===== DATASET EXTRACT =====
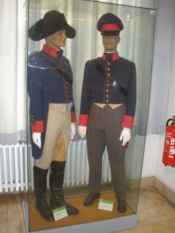 von links nach rechts: "Polizey-Commissarius 1790" "Polizei-Sergeant 1796-1809", Gardist der berittenen Bürgergarde 1810", Polizei-Sergeant1830"
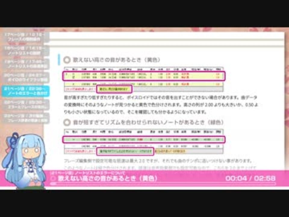 2018年9月のイベントで頒布したKotonoSyncの解説本を葵ちゃんに読み上げてもらいました。<br>KotonoSyncでボイスロイドに歌ってもらいたいときに良かったら参考にしてみてください。<br>全4パートの予定です。<br><br>前(part1):<a href="https://www.nicovideo.jp/watch/sm34837102" class="watch">sm34837102</a> 次(part3):<a href="https://www.nicovideo.jp/watch/sm34867650" class="watch">sm34867650</a><br><br>《目次》<br><a href="#" class="seekTime" data-seekTime="00:06" onclick="seekNicoPlayer('#00:06'); return false;">#00:06</a>:曲変換と保存 <a href="#" class="seekTime" data-seekTime="02:57" onclick="seekNicoPlayer('#02:57'); return false;">#02:57</a>:自動調整 <a href="#" class="seekTime" data-seekTime="05:40" onclick="seekNicoPlayer('#05:40'); return false;">#05:40</a>:調整後の話 <a href="#" class="seekTime" data-seekTime="07:11" onclick="seekNicoPlayer('#07:11'); return false;">#07:11</a>:音声の保存<br><a href="#" class="seekTime" data-seekTime="09:51" onclick="seekNicoPlayer('#09:51'); return false;">#09:51</a>:フレーズリスト <a href="#" class="seekTime" data-seekTime="12:16" onclick="seekNicoPlayer('#12:16'); return false;">#12:16</a>:フレーズの操作 <a href="#" class="seekTime" data-seekTime="14:15" onclick="seekNicoPlayer('#14:15'); return false;">#14:15</a>:ノートリスト <a href="#" class="seekTime" data-seekTime="17:45" onclick="seekNicoPlayer('#17:45'); return false;">#17:45</a>:話速表記<br><a href="#" class="seekTime" data-seekTime="19:32" onclick="seekNicoPlayer('#19:32'); return false;">#19:32</a>:誤差とエラー <a href="#" class="seekTime" data-seekTime="22:38" onclick="seekNicoPlayer('#22:38'); return false;">#22:38</a>:エラーと色分け <a href="#" class="seekTime" data-seekTime="25:38" onclick="seekNicoPlayer('#25:38'); return false;">#25:38</a>:色分けとフレーズの見出し<br><br>《お借りした立ち絵》<br><a href="https://seiga.nicovideo.jp/seiga/im8891004" target="_blank" rel="noopener">im8891004</a> (akihiyo様)<br><br>《リンク》<br><font color=green>KotonoSyncの紹介動画</font> <a href="https://www.nicovideo.jp/watch/sm29541659" class="watch">sm29541659</a><br><font color=green>アプリの紹介記事とDL先</font> <a href="https://ch.nicovideo.jp/article/ar1073288" target="_blank" rel="noopener">ar1073288</a><br><span style="color: red;">KotonoSyncの更新履歴</span> <a href="https://togetter.com/li/1170931" target="_blank" rel="noopener nofollow">https://togetter.com/li/1170931</a><br><span style="color: red;">第1回歌ボWSのスライド</span> <a href="https://www.slideshare.net/SuzuMofu/kotonosync" target="_blank" rel="noopener nofollow">https://www.slideshare.net/SuzuMofu/kotonosync</a><br><span style="color: red;">同人誌のPDF公開ページ</span> <a href="https://suzumof.booth.pm/items/1286215" target="_blank" rel="noopener nofollow">https://suzumof.booth.pm/items/1286215</a><br><span style="color: red;">同人誌の通販ページ</span> <a href="https://suzumof.booth.pm/" target="_blank" rel="noopener nofollow">https://suzumof.booth.pm/</a><br><font color=darkpink>まいりす</font> <a href="https://www.nicovideo.jp/mylist/54614809" target="_blank" rel="noopener">mylist/54614809</a> <font color=darkpink>ついった</font> <a href="https://twitter.com/suzu_dov" target="_blank" rel="noopener nofollow">https://twitter.com/suzu_dov</a><br>
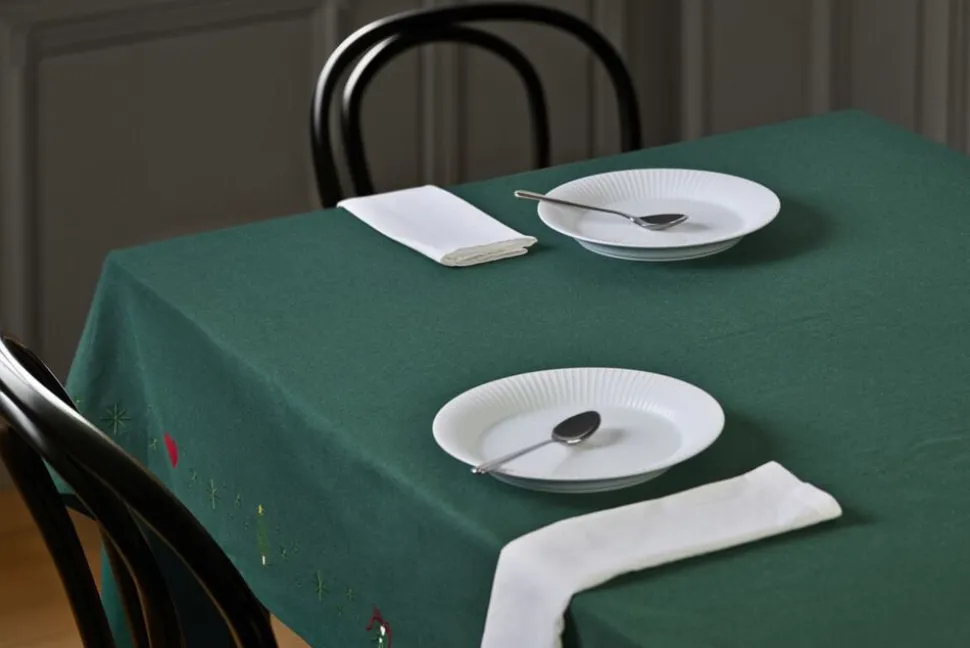 Mærk stemningen med JUNA Christmas Fable magiske juletekstiler til alle rum. Juleeventyr, fantasi og humoristiske dekorationer med masser af cosy kant. Med JUNA Christmas Fable får du en serie af moderne tekstiler med broderede motiver, der både æstetisk og legende forankrer og fornyer julens helt særlige stemning gennem et magisk juleunivers fuld af traditioner, hygge og personlighed. Tænk på en komplet og fuldstændig gennemført julekollektion af certificerede tekstiler til både dit køkken og resten af hjemmet. De dekorative julesokker på trappen fyldt op med dagens kalendergaver. Duftene fra køkkenet, der blander sig med hjertevarme forventninger og kærlige minder om en hyggelig aften i stuen. Den ikoniske juleborddækning, der løfter stemningen og får både børn og voksne til at glædes sammen. Og forestil dig så det hele tilsat nærmest karikerede klassiske broderier, der fortæller endnu flere historier end de tråde, de er syet med. Tryllebunden misteltensmagi, skitseagtige juletræer, nuttede rensdyr, ikoniske julehjerter og fluffy julestjerner. Alle skabt med masser af glimt i øjet i en sød og bevidst naivistisk stil, der ikke kan undgå at sende dit julehumør helt op til den skønneste stjernehimmel. JUNA Christmas Fable er skabt til at samle os omkring bordet, i køkkenet og også trække julestemningen med helt ind på puden, inden vi rammer drømmeland. Fuld af små broderede detaljer. Spækket med de helt store julefølelser. Denne fortryllende JUNA Christmas Fable-dug i en dyb julegrøn farve er dekoreret med et fantastisk mix af broderede julemotiver ned langs siderne af dugen, så du ikke skjuler de søde dekorationer, når du dækker op med skåle og fade og alle dine andre julefavoritter på midten af bordet. Dugen måler 150×270 cm og kommer i et skønt mix af GRS-certificeret genanvendt bomuld, GRS-certificeret genanvendt polyester og en lille smule viskose, der gør stoffet ekstra lækkert. JUNA Christmas Fable-serien giver dig et bredt udvalg af certificerede juletekstiler til hele hjemmet, hvor du mærker julestemningen i hver eneste tråd, og som du kan glæde dig til at finde frem jul efter jul. En kærlighedserklæring til godt håndværk og dekorativt dansk design vævet sammen af store eventyr og små broderede detaljer skabt til at holde længe og blive elsket endnu længere. (GRS Certified by Control Union, 1026087)
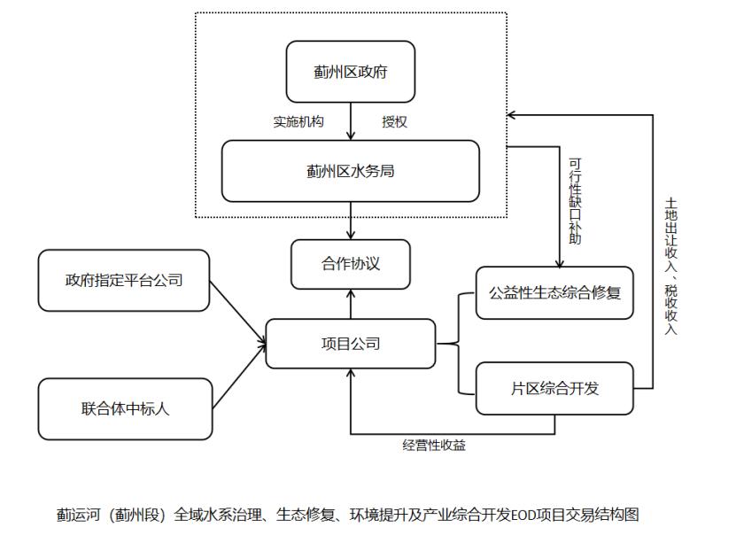10例樣本中,有1例采用PPP模式,即:薊運河(薊州段)全域水系治理、生態(tài)修復、環(huán)境提升及產(chǎn)業(yè)綜合開發(fā)EOD項目。該項目工期為20年,中標額約為65億元。區(qū)政府采用引入投資建設人的方式確定合法投資建設主體,與政府指定的平臺公司依法成立流域投資公司。項目通過生態(tài)綜合修復和片區(qū)綜合開發(fā)兩步實施。公益性生態(tài)綜合修復部分包括水系綜合治理、礦山修復。而片區(qū)綜合開發(fā)部分主要指生態(tài)環(huán)境修復后,規(guī)劃一定比例的土地空間進行產(chǎn)業(yè)開發(fā),中交集團利用自身運營能力,引入觀光農(nóng)業(yè)、康養(yǎng)、新能源等環(huán)境友好型項目,實現(xiàn)環(huán)境+社會+經(jīng)濟效益的結(jié)合。收益構成方面,一方面是政府付費部分,即針對流域治理部分政府購買服務,中交聯(lián)合體提供建設運營養(yǎng)護服務并結(jié)合績效獲得政府付費;二是使用者付費部分,即結(jié)合薊州區(qū)自然資源及中交聯(lián)合體企業(yè)資源,導入文化旅游、康養(yǎng)運動、智慧農(nóng)業(yè)等項目,盤活經(jīng)營性資產(chǎn),中交聯(lián)合體獲得相關經(jīng)營性收益;三是政府方提供的額外收益,如中交聯(lián)合體可按比例獲得土地增值收益、綜合治理專項補助資金等。
=====
> [PROBLEM STATEMENT] Please reproduce the data above word for word, skipping all images.

> [EXPECTED OUTPUT]
 von links nach rechts: "Polizey-Commissarius 1790" "Polizei-Sergeant 1796-1809", Gardist der berittenen Bürgergarde 1810", Polizei-Sergeant1830"
 2018年9月のイベントで頒布したKotonoSyncの解説本を葵ちゃんに読み上げてもらいました。<br>KotonoSyncでボイスロイドに歌ってもらいたいときに良かったら参考にしてみてください。<br>全4パートの予定です。<br><br>前(part1):<a href="https://www.nicovideo.jp/watch/sm34837102" class="watch">sm34837102</a> 次(part3):<a href="https://www.nicovideo.jp/watch/sm34867650" class="watch">sm34867650</a><br><br>《目次》<br><a href="#" class="seekTime" data-seekTime="00:06" onclick="seekNicoPlayer('#00:06'); return false;">#00:06</a>:曲変換と保存 <a href="#" class="seekTime" data-seekTime="02:57" onclick="seekNicoPlayer('#02:57'); return false;">#02:57</a>:自動調整 <a href="#" class="seekTime" data-seekTime="05:40" onclick="seekNicoPlayer('#05:40'); return false;">#05:40</a>:調整後の話 <a href="#" class="seekTime" data-seekTime="07:11" onclick="seekNicoPlayer('#07:11'); return false;">#07:11</a>:音声の保存<br><a href="#" class="seekTime" data-seekTime="09:51" onclick="seekNicoPlayer('#09:51'); return false;">#09:51</a>:フレーズリスト <a href="#" class="seekTime" data-seekTime="12:16" onclick="seekNicoPlayer('#12:16'); return false;">#12:16</a>:フレーズの操作 <a href="#" class="seekTime" data-seekTime="14:15" onclick="seekNicoPlayer('#14:15'); return false;">#14:15</a>:ノートリスト <a href="#" class="seekTime" data-seekTime="17:45" onclick="seekNicoPlayer('#17:45'); return false;">#17:45</a>:話速表記<br><a href="#" class="seekTime" data-seekTime="19:32" onclick="seekNicoPlayer('#19:32'); return false;">#19:32</a>:誤差とエラー <a href="#" class="seekTime" data-seekTime="22:38" onclick="seekNicoPlayer('#22:38'); return false;">#22:38</a>:エラーと色分け <a href="#" class="seekTime" data-seekTime="25:38" onclick="seekNicoPlayer('#25:38'); return false;">#25:38</a>:色分けとフレーズの見出し<br><br>《お借りした立ち絵》<br><a href="https://seiga.nicovideo.jp/seiga/im8891004" target="_blank" rel="noopener">im8891004</a> (akihiyo様)<br><br>《リンク》<br><font color=green>KotonoSyncの紹介動画</font> <a href="https://www.nicovideo.jp/watch/sm29541659" class="watch">sm29541659</a><br><font color=green>アプリの紹介記事とDL先</font> <a href="https://ch.nicovideo.jp/article/ar1073288" target="_blank" rel="noopener">ar1073288</a><br><span style="color: red;">KotonoSyncの更新履歴</span> <a href="https://togetter.com/li/1170931" target="_blank" rel="noopener nofollow">https://togetter.com/li/1170931</a><br><span style="color: red;">第1回歌ボWSのスライド</span> <a href="https://www.slideshare.net/SuzuMofu/kotonosync" target="_blank" rel="noopener nofollow">https://www.slideshare.net/SuzuMofu/kotonosync</a><br><span style="color: red;">同人誌のPDF公開ページ</span> <a href="https://suzumof.booth.pm/items/1286215" target="_blank" rel="noopener nofollow">https://suzumof.booth.pm/items/1286215</a><br><span style="color: red;">同人誌の通販ページ</span> <a href="https://suzumof.booth.pm/" target="_blank" rel="noopener nofollow">https://suzumof.booth.pm/</a><br><font color=darkpink>まいりす</font> <a href="https://www.nicovideo.jp/mylist/54614809" target="_blank" rel="noopener">mylist/54614809</a> <font color=darkpink>ついった</font> <a href="https://twitter.com/suzu_dov" target="_blank" rel="noopener nofollow">https://twitter.com/suzu_dov</a><br>
 Mærk stemningen med JUNA Christmas Fable magiske juletekstiler til alle rum. Juleeventyr, fantasi og humoristiske dekorationer med masser af cosy kant. Med JUNA Christmas Fable får du en serie af moderne tekstiler med broderede motiver, der både æstetisk og legende forankrer og fornyer julens helt særlige stemning gennem et magisk juleunivers fuld af traditioner, hygge og personlighed. Tænk på en komplet og fuldstændig gennemført julekollektion af certificerede tekstiler til både dit køkken og resten af hjemmet. De dekorative julesokker på trappen fyldt op med dagens kalendergaver. Duftene fra køkkenet, der blander sig med hjertevarme forventninger og kærlige minder om en hyggelig aften i stuen. Den ikoniske juleborddækning, der løfter stemningen og får både børn og voksne til at glædes sammen. Og forestil dig så det hele tilsat nærmest karikerede klassiske broderier, der fortæller endnu flere historier end de tråde, de er syet med. Tryllebunden misteltensmagi, skitseagtige juletræer, nuttede rensdyr, ikoniske julehjerter og fluffy julestjerner. Alle skabt med masser af glimt i øjet i en sød og bevidst naivistisk stil, der ikke kan undgå at sende dit julehumør helt op til den skønneste stjernehimmel. JUNA Christmas Fable er skabt til at samle os omkring bordet, i køkkenet og også trække julestemningen med helt ind på puden, inden vi rammer drømmeland. Fuld af små broderede detaljer. Spækket med de helt store julefølelser. Denne fortryllende JUNA Christmas Fable-dug i en dyb julegrøn farve er dekoreret med et fantastisk mix af broderede julemotiver ned langs siderne af dugen, så du ikke skjuler de søde dekorationer, når du dækker op med skåle og fade og alle dine andre julefavoritter på midten af bordet. Dugen måler 150×270 cm og kommer i et skønt mix af GRS-certificeret genanvendt bomuld, GRS-certificeret genanvendt polyester og en lille smule viskose, der gør stoffet ekstra lækkert. JUNA Christmas Fable-serien giver dig et bredt udvalg af certificerede juletekstiler til hele hjemmet, hvor du mærker julestemningen i hver eneste tråd, og som du kan glæde dig til at finde frem jul efter jul. En kærlighedserklæring til godt håndværk og dekorativt dansk design vævet sammen af store eventyr og små broderede detaljer skabt til at holde længe og blive elsket endnu længere. (GRS Certified by Control Union, 1026087)
10例樣本中,有1例采用PPP模式,即:薊運河(薊州段)全域水系治理、生態(tài)修復、環(huán)境提升及產(chǎn)業(yè)綜合開發(fā)EOD項目。該項目工期為20年,中標額約為65億元。區(qū)政府采用引入投資建設人的方式確定合法投資建設主體,與政府指定的平臺公司依法成立流域投資公司。項目通過生態(tài)綜合修復和片區(qū)綜合開發(fā)兩步實施。公益性生態(tài)綜合修復部分包括水系綜合治理、礦山修復。而片區(qū)綜合開發(fā)部分主要指生態(tài)環(huán)境修復后,規(guī)劃一定比例的土地空間進行產(chǎn)業(yè)開發(fā),中交集團利用自身運營能力,引入觀光農(nóng)業(yè)、康養(yǎng)、新能源等環(huán)境友好型項目,實現(xiàn)環(huán)境+社會+經(jīng)濟效益的結(jié)合。收益構成方面,一方面是政府付費部分,即針對流域治理部分政府購買服務,中交聯(lián)合體提供建設運營養(yǎng)護服務并結(jié)合績效獲得政府付費;二是使用者付費部分,即結(jié)合薊州區(qū)自然資源及中交聯(lián)合體企業(yè)資源,導入文化旅游、康養(yǎng)運動、智慧農(nóng)業(yè)等項目,盤活經(jīng)營性資產(chǎn),中交聯(lián)合體獲得相關經(jīng)營性收益;三是政府方提供的額外收益,如中交聯(lián)合體可按比例獲得土地增值收益、綜合治理專項補助資金等。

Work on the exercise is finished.